Your objective: With the exception of the pictures, transcribe the entire listing exactly.

Data excerpt:
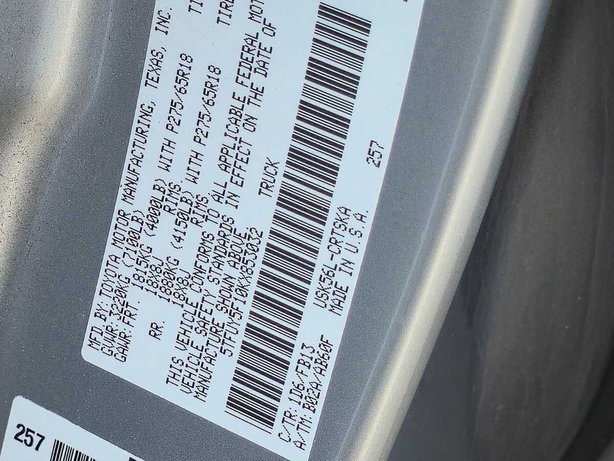 - Nombre del vehículo: Toyota Tundra 4WD
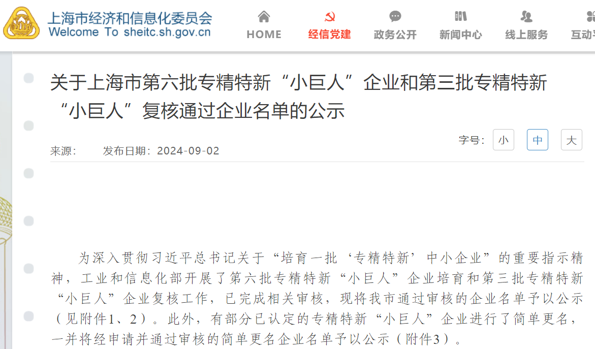 近日,國家工業和信息化部開展了第六批專精特新“小巨人”企業培育和第三批專精特新“小巨人”企業復核工作,上海肯特于2021年榮獲國家專精特新“小巨人”企業榮譽稱號,三年來憑借卓越的創新實力和穩健的發展態勢,成功通過復核并予以公示。
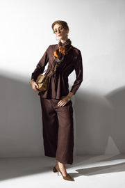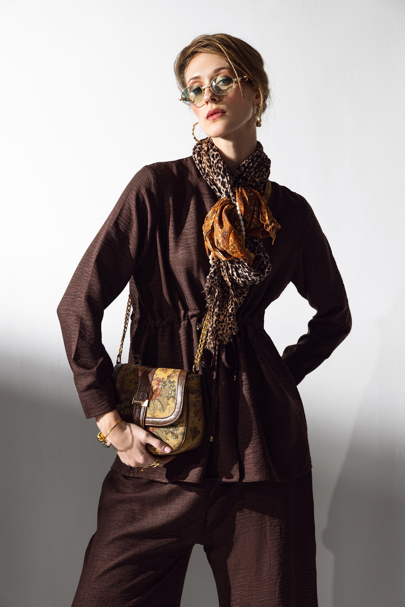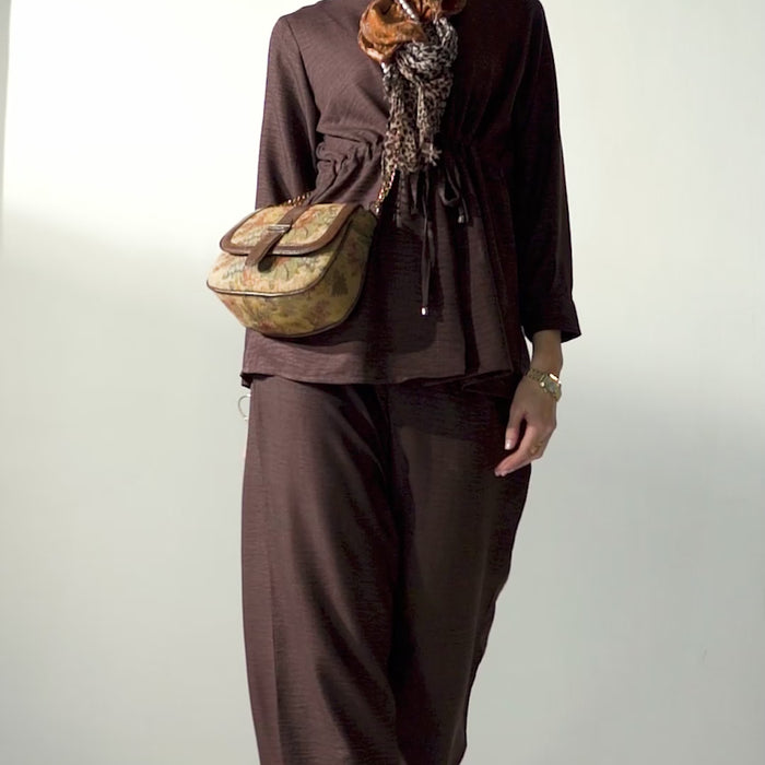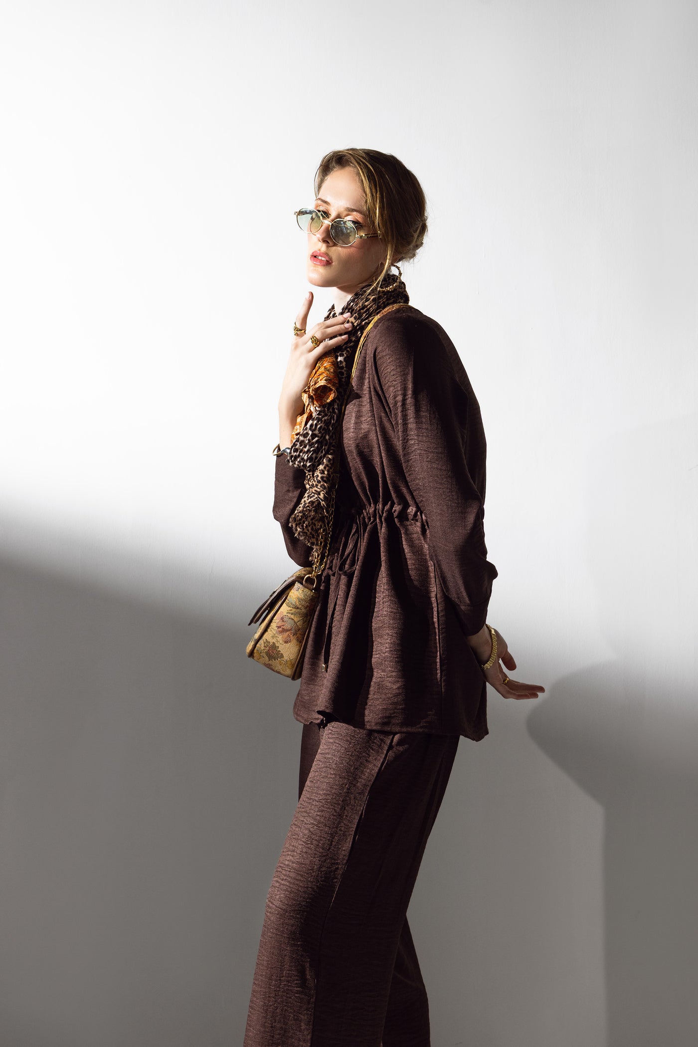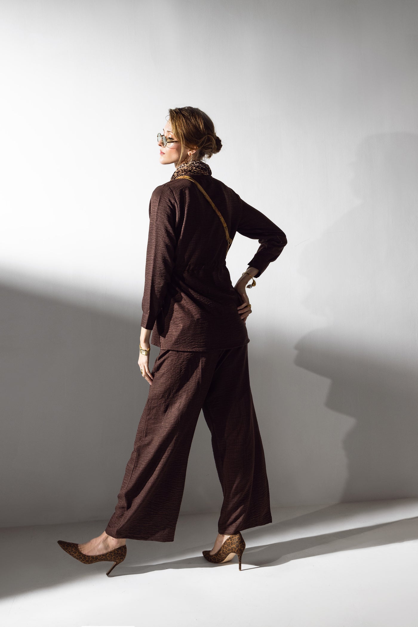 Crafted in a rich espresso brown tone, this set transitions effortlessly from daytime wear to elevated evenings. Style it together for a clean, confident statement or wear each piece separately for versatile outfitting.

Exercise result:
 - Nombre del vehículo: Toyota Tundra 4WD
 近日,國家工業和信息化部開展了第六批專精特新“小巨人”企業培育和第三批專精特新“小巨人”企業復核工作,上海肯特于2021年榮獲國家專精特新“小巨人”企業榮譽稱號,三年來憑借卓越的創新實力和穩健的發展態勢,成功通過復核并予以公示。
 Crafted in a rich espresso brown tone, this set transitions effortlessly from daytime wear to elevated evenings. Style it together for a clean, confident statement or wear each piece separately for versatile outfitting.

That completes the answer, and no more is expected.